True, the connection doesnt get lost, but the Cisco Lightweight Access Points recognise the Macbook has dropped into a Low power/Power management state after a few minutes of no network activity. A show client on the console of the WLAN controller shows the client has dropped into a power management state after a few minutes of inactivity, not inactivity on the machine, but network inactivity.

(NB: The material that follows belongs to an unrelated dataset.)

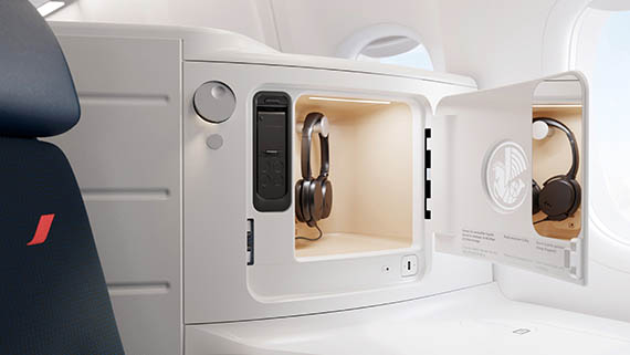 En s’installant à bord de cette nouvelle classe Affaires, chacun est « accueilli par un hippocampe ailé rétroéclairé, incarnant le mythe fondateur de la compagnie et la richesse de son histoire ». À l’intérieur du siège, le capitonnage apporte « une sensation de moelleux et d’intimité » : laine, aluminium brossé, cuir pleine fleur français, Air France a privilégié des matières nobles, douces et naturelles pour sa confection. Enfin, chaque fauteuil est brodé de l’accent rouge, symbole de marque de la compagnie.

WLANCONTROLLER#>show client detailX.X.X
Client MAC Address............................... X.X.X.X
Client Username ................................. XXXXX
AP MAC Address................................... X:X:X:X:X
AP Name.......................................... AP_XX
Client State..................................... Associated
Client NAC OOB State............................. Access
Wireless LAN Id.................................. 2
BSSID............................................ X:X:X:X
Connected For ................................... 350 secs
Channel.......................................... 161
IP Address....................................... X.X.X.X
Association Id................................... 6
Authentication Algorithm......................... Open System
Reason Code...................................... 1
Status Code...................................... 0
Client CCX version............................... No CCX support
Re-Authentication Timeout........................ 82958
Mirroring........................................ Disabled
QoS Level........................................ Silver
802.1P Priority Tag.............................. disabled
WMM Support...................................... Enabled
Power Save....................................... ON
Current Rate..................................... m15
This is enough to force a full re-auth of the client
Apple clients dont support Cisco CCX extensions so Key Caching cant occur, and full re-auth is required, which can cause client to lose connection.
If the client could be forced to keep the WLAN card active when the macbook is on there would be no issue. Seeing as OSX is based on linux, one would assume this would be a possibility to have this available as an option, even if it doesnt exist currently surely it isnt a limitation of the hardware, merely the OS.